(Items from a dataset)

▬▬▬▬▬▬▬▬▬▬

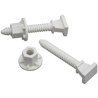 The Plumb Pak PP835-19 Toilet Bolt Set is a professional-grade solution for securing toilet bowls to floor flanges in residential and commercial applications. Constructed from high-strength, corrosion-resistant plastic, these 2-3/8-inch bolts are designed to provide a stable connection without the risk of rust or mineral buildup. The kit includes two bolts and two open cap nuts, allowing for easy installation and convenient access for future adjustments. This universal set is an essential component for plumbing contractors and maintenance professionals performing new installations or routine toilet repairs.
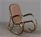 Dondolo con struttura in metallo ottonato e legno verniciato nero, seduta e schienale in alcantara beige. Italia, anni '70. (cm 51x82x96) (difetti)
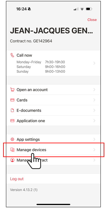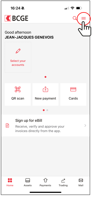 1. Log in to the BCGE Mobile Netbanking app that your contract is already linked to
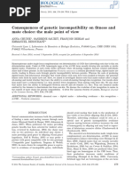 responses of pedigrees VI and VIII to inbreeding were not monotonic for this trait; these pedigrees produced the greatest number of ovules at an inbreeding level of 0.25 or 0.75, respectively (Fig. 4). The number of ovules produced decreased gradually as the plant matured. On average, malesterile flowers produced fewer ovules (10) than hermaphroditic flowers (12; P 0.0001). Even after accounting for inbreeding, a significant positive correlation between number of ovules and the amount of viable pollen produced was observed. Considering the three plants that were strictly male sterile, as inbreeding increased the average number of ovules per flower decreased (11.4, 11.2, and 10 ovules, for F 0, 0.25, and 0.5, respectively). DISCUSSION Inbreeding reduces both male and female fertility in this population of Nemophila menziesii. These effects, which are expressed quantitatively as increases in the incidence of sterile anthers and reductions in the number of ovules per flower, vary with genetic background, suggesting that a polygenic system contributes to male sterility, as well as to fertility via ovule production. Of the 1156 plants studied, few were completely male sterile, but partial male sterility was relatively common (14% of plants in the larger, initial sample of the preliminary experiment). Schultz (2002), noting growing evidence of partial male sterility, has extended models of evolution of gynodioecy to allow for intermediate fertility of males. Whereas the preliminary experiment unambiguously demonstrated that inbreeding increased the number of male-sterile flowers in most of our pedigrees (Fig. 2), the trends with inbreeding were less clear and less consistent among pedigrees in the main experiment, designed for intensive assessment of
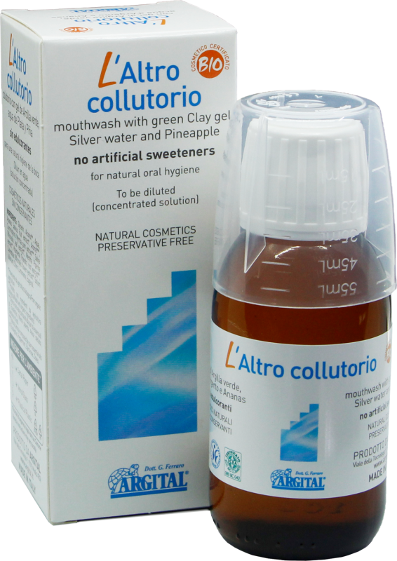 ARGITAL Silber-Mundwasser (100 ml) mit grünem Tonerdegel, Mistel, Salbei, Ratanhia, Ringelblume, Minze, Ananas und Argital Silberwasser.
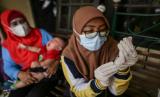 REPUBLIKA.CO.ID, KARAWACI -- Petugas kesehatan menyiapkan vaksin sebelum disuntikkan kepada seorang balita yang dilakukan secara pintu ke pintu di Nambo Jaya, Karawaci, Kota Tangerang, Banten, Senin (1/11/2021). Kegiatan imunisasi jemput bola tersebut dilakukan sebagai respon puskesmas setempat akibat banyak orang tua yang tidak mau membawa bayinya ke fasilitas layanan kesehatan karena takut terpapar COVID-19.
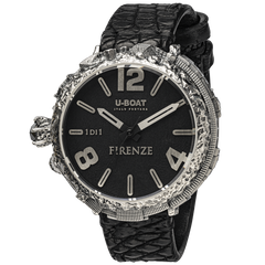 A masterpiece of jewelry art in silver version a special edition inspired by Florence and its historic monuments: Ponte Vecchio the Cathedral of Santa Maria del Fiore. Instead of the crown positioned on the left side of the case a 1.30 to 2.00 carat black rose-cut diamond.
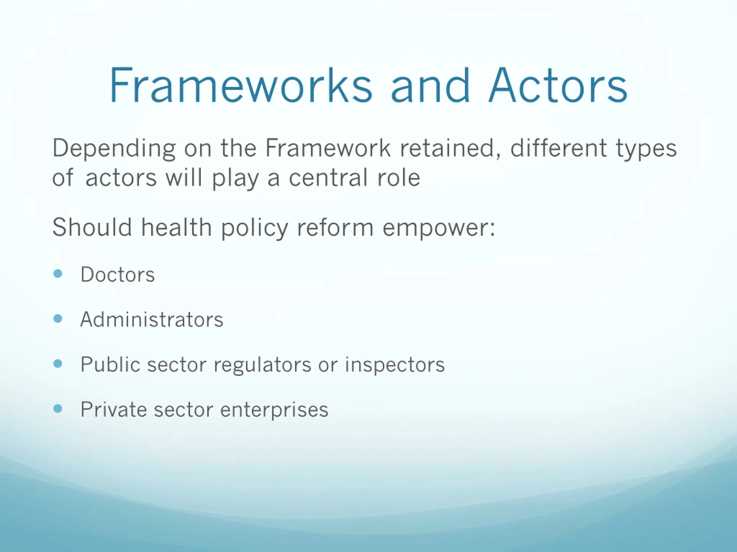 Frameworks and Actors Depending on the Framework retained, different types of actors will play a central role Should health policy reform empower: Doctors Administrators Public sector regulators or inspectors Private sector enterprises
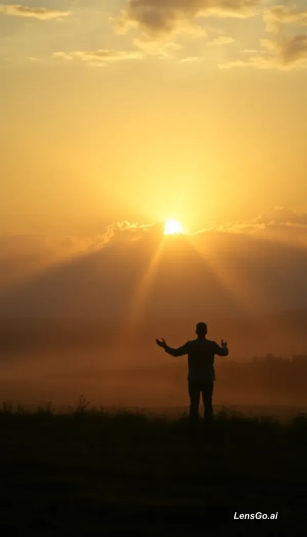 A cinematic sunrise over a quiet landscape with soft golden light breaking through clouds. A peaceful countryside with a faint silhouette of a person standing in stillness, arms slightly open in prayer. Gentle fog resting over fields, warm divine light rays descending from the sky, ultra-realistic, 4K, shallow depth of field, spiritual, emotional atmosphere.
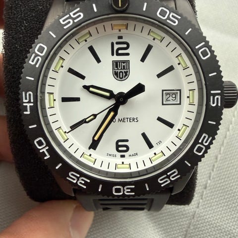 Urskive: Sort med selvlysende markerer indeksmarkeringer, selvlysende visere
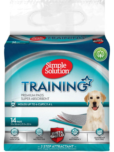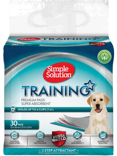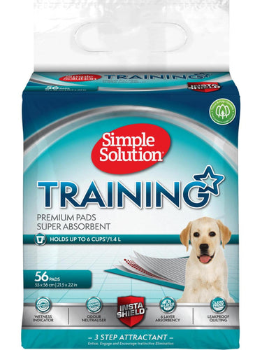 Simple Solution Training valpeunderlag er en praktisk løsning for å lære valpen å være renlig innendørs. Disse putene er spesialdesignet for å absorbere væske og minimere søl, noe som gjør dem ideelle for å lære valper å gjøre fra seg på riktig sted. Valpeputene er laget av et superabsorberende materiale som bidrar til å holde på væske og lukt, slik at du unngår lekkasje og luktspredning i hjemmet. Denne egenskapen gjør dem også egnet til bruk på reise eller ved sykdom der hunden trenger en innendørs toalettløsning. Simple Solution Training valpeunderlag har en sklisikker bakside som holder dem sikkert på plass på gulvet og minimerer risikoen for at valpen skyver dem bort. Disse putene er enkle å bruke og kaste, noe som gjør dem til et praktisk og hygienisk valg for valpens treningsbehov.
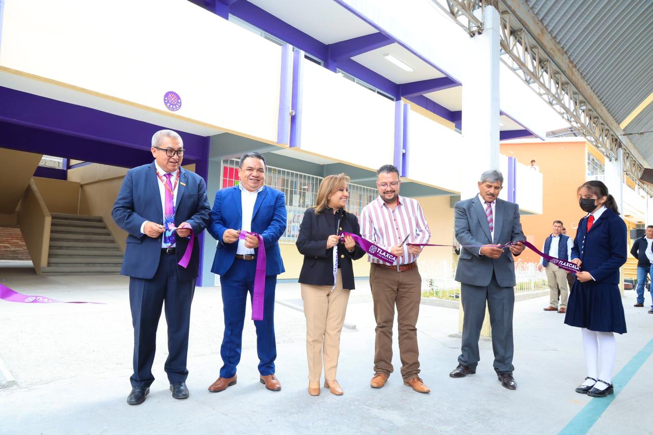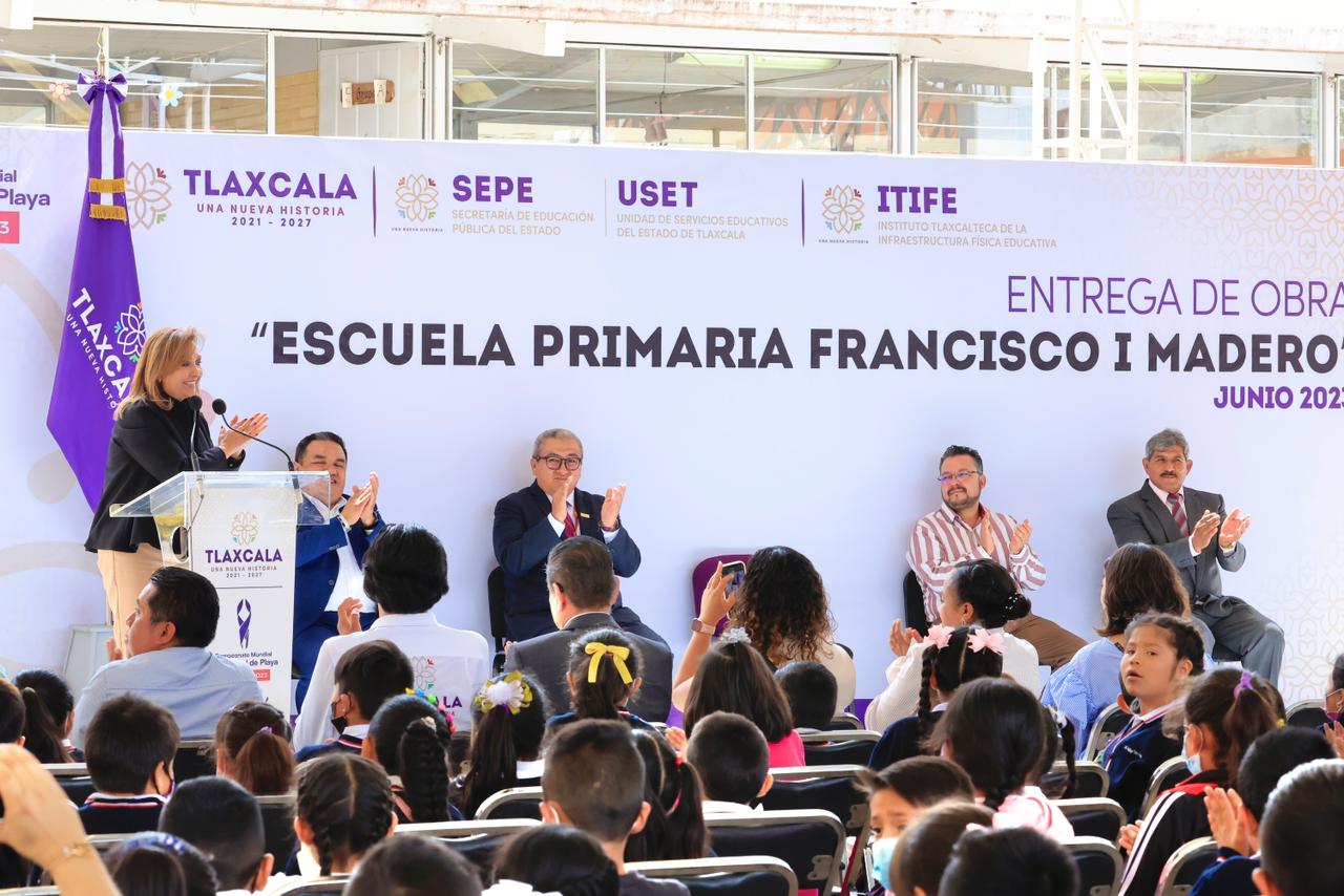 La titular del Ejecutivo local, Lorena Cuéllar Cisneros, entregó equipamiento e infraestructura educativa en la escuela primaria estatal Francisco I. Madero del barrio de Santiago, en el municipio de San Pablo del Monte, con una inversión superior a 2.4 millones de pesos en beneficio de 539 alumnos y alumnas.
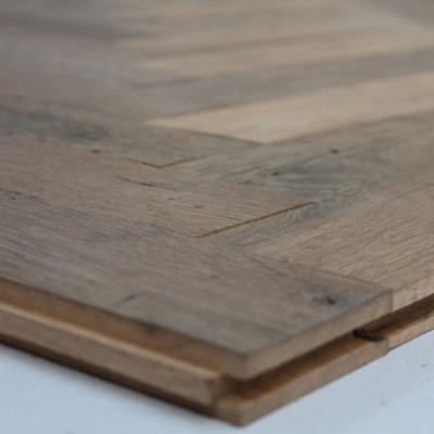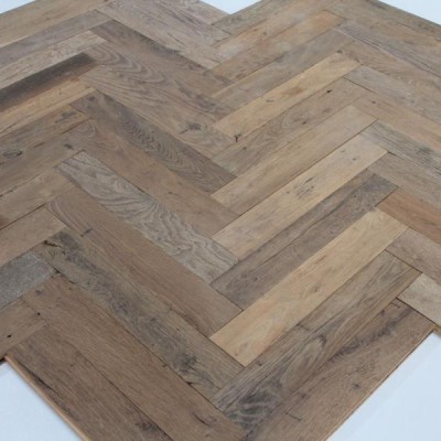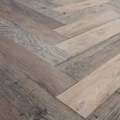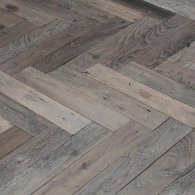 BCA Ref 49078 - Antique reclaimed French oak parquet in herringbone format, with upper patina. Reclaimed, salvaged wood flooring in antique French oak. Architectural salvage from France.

▬▬▬▬▬▬▬▬▬▬

▶ Aim of the task
Output exactly the lines above that lie between the line with "ARGITAL Silber-Mundwasser (100" and the line with "Urskive: Sort med", those two lines included, and no pictures.

▶ Response area
 ARGITAL Silber-Mundwasser (100 ml) mit grünem Tonerdegel, Mistel, Salbei, Ratanhia, Ringelblume, Minze, Ananas und Argital Silberwasser.
 REPUBLIKA.CO.ID, KARAWACI -- Petugas kesehatan menyiapkan vaksin sebelum disuntikkan kepada seorang balita yang dilakukan secara pintu ke pintu di Nambo Jaya, Karawaci, Kota Tangerang, Banten, Senin (1/11/2021). Kegiatan imunisasi jemput bola tersebut dilakukan sebagai respon puskesmas setempat akibat banyak orang tua yang tidak mau membawa bayinya ke fasilitas layanan kesehatan karena takut terpapar COVID-19.
 A masterpiece of jewelry art in silver version a special edition inspired by Florence and its historic monuments: Ponte Vecchio the Cathedral of Santa Maria del Fiore. Instead of the crown positioned on the left side of the case a 1.30 to 2.00 carat black rose-cut diamond.
 Frameworks and Actors Depending on the Framework retained, different types of actors will play a central role Should health policy reform empower: Doctors Administrators Public sector regulators or inspectors Private sector enterprises
 A cinematic sunrise over a quiet landscape with soft golden light breaking through clouds. A peaceful countryside with a faint silhouette of a person standing in stillness, arms slightly open in prayer. Gentle fog resting over fields, warm divine light rays descending from the sky, ultra-realistic, 4K, shallow depth of field, spiritual, emotional atmosphere.
 Urskive: Sort med selvlysende markerer indeksmarkeringer, selvlysende visere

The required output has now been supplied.